-- Data block --
:::::

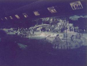 | シーワールドはショーばかりを見せているわけではない。サメ、ラッコ、ウミガメなどのいるプールや、各種の魚類を集めた複数の水族館が設置されている。 ここは「ペンギン・エンカウンター」。南極を模した広大なガラスケースの中に、300羽以上のペンギンが飼われている。一口にペンギンといっても、種によって様々な外見をしていることがわかる。 |
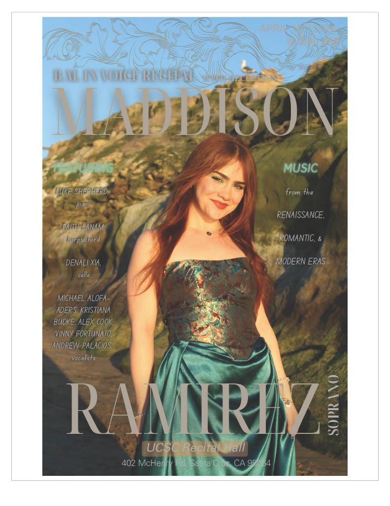 Maddison Ramirez, soprano, presents their Bachelor of Music (B.M.) recital, with music from Renaissance, Romantic, and Modern eras. Accompanied by Luke Shepherd, piano; Faith Lanam, harpsichord, Denali Zia, cello, and […]
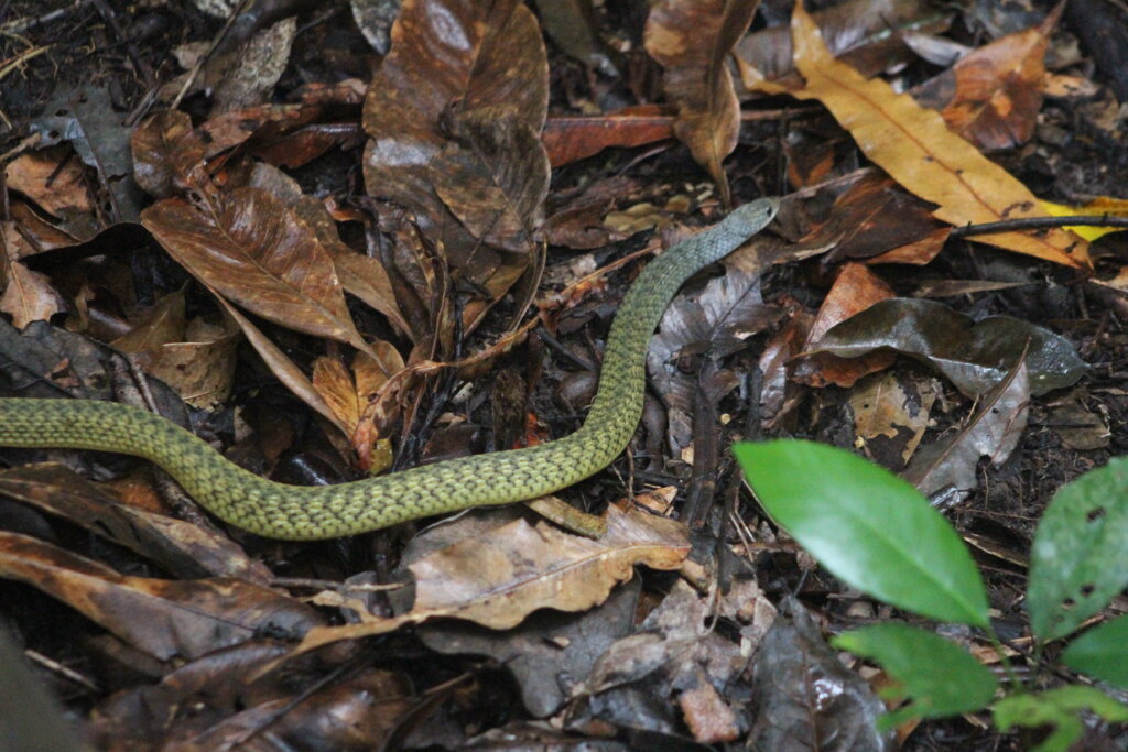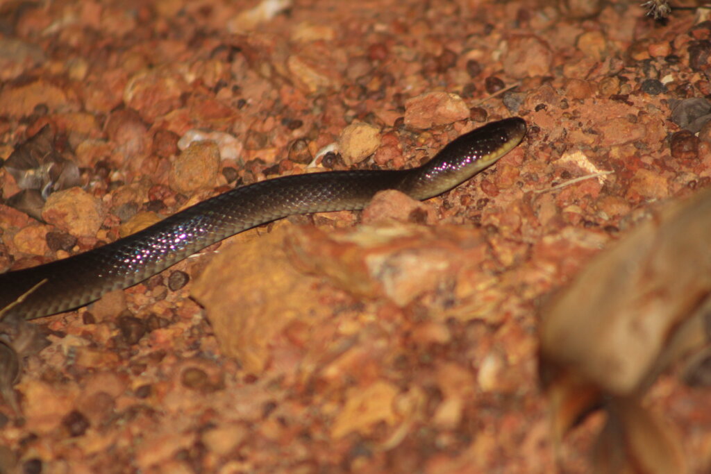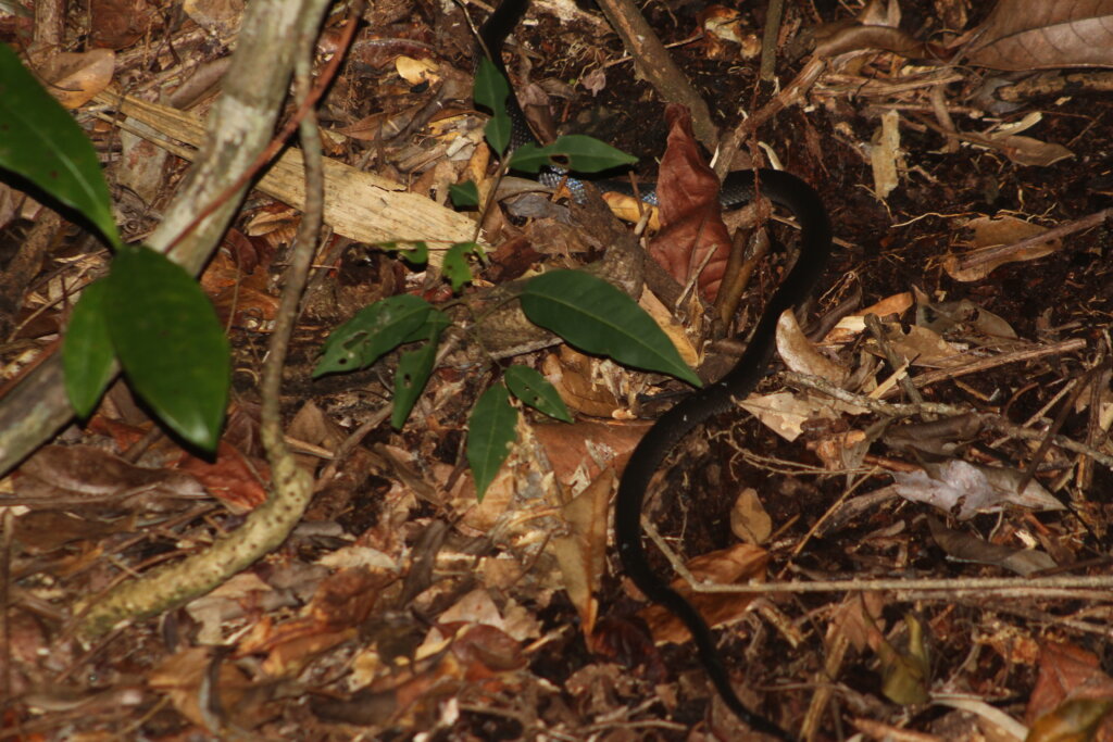 Six: In Cape Tribulation, I would frequently walk along a boardwalk through the rainforest to look for snakes and spiders. Walking at night was scary for me at first but I started to get the hang of it. One night, I was walking very slowly and spotted a slatey grey as it moved through the rainforest.

:::::

-- Problem to solve --
Please write out the lines from the one that holds "Maddison Ramirez, soprano, presents" through the end of the material, both ends included, exactly and with no pictures.

-- Response --
 Maddison Ramirez, soprano, presents their Bachelor of Music (B.M.) recital, with music from Renaissance, Romantic, and Modern eras. Accompanied by Luke Shepherd, piano; Faith Lanam, harpsichord, Denali Zia, cello, and […]
 Six: In Cape Tribulation, I would frequently walk along a boardwalk through the rainforest to look for snakes and spiders. Walking at night was scary for me at first but I started to get the hang of it. One night, I was walking very slowly and spotted a slatey grey as it moved through the rainforest.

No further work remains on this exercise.